Helpers

class helpers.PreProcessing(text)[source]

Bases: object

Class which is equipped with all sorts of Preprocessing & Cleaning techniques

lemmatize()[source]

Function to extract root words - Lemmatizing

Parameters

None

Returns

Processed text

Return type

str

remove_characters()[source]

Function to remove special characters

Parameters

None

Returns

Processed text

Return type

str

remove_letters(size)[source]

Function to remove words from a text with less than n letters

Parameters

None

Returns

Processed text

Return type

str

remove_numbers()[source]

Function to remove numbers in a text

Parameters

None

Returns

Processed text

Return type

str

remove_punctuation()[source]

Function to remove punctuations from the text

Parameters

None

Returns

Processed text

Return type

str

remove_stopwords()[source]

Function to remove stopwords from the text

Parameters

None

Returns

Processed text

Return type

str

remove_urls()[source]

Remove URLs from text

Parameters

None

Returns

Text after removing URLS

Return type

str

stemming()[source]

Function to extract root words - Stemming

Parameters

None

Returns

Processed text

Return type

str

text_lowercase()[source]

Function to convert all alphabets in a text to lowercase

Parameters

None

Returns

Processed text

Return type

str

tokenize()[source]

Function to tokenize phrases and tokens

Parameters

None

Returns

Processed text

Return type

str

helpers.counter_cosine_similarity(user_id, counterA, counterB)[source]

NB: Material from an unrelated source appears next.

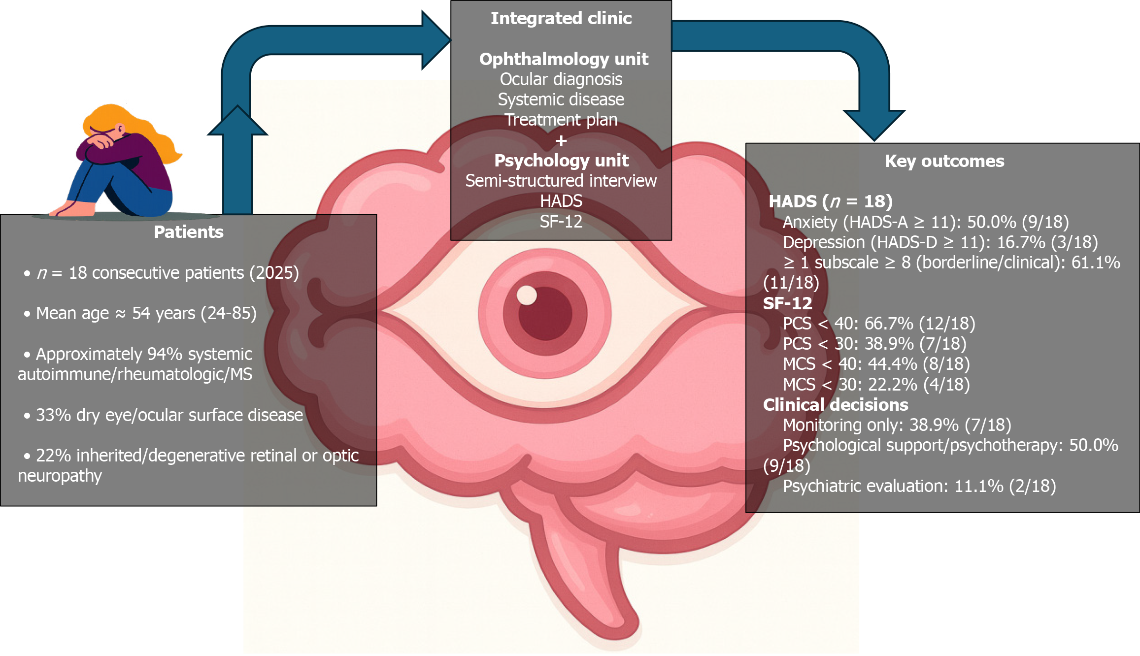 Eighteen consecutive adults with autoimmune, inflammatory, or rare ophthalmic conditions evaluated during routine clinical activity in 2025 underwent a comprehensive visit that included an ophthalmologic assessment, a semi-structured psychological interview, and brief standardized screenings using the Hospital Anxiety and Depression Scale (HADS) and the 12-item Short Form Health Survey (SF-12). Descriptive data revealed clinically significant anxiety symptoms (HADS-anxiety > 11) in 9 out of 18 patients (50.0%) and depressive symptoms (HADS-depression ≥ 11) in 3 out of 18 (16.7%). Reduced physical quality of life (SF-12 physical component summary < 40) was noted in 12 of 18 patients (66.7%), whereas diminished mental quality of life (SF-12 mental component summary < 40) was reported in 8 of 18 patients (44.4%). The integrated assessment findings guided future clinical management, including monitoring, referral for psychological support or psychotherapy, or referral for an additional psychiatric examination. HADS: Hospital Anxiety and Depression Scale; SF-12: 12-item Short Form Health Survey; PCS: Physical component summary; MCS: Mental component summary; HADS-A: Hospital Anxiety and Depression Scale anxiety; HADS-D: Hospital Anxiety and Depression Scale depression.

Calculate the counter cosine similarity for each user_id

Parameters
  • user_id (str) – User ID

  • counterA (List) – Keyword list 1

  • counterB (List) – Keyword list 2

Returns

Dictionary of {User ID: Counter_cosine value}

Return type

Dictionary

helpers.create_tokens(df, func, column_name, n_cores)[source]

Function to create tokens for a given column name

Parameters
  • df (Pandas.DataFrame) – DataFrame

  • func – Function to be applied

  • column_name (str) – The name of the column

  • n_cores (int) – No of CPU cores to be used

Returns

List containing the results of the function applied on each element of the column

Return type

List

helpers.extract_json(base_url, end_url, page)[source]

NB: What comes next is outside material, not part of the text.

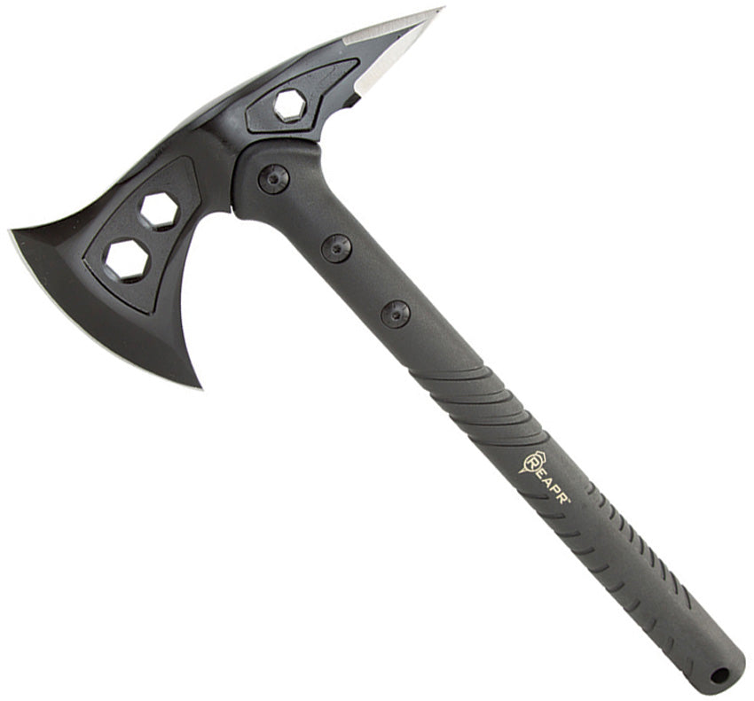 15.75" overall. 7.38" black oxide coated 2Cr13 stainless axe head with 3.63" cutting edge. Black nylon handle. Lanyard hole. Spike... Leer más...

Extract data from webpage by appending Base_url+page+End_url

Parameters
  • base_url (str) – Base URL

  • end_url (str) – End URL

  • page (str) – The page number

Returns

Response from the webpage

Return type

Dict

helpers.get_datetime(date_str, year=True)[source]

Converts string Datetime to Datetime Object

Parameters
  • date_str (str) – Datetime in String

  • year (bool) – If True, extracts returns the year

Returns

Datetime object

Return type

Datetime

helpers.get_formatted_date(data, format_='%m%d%Y')[source]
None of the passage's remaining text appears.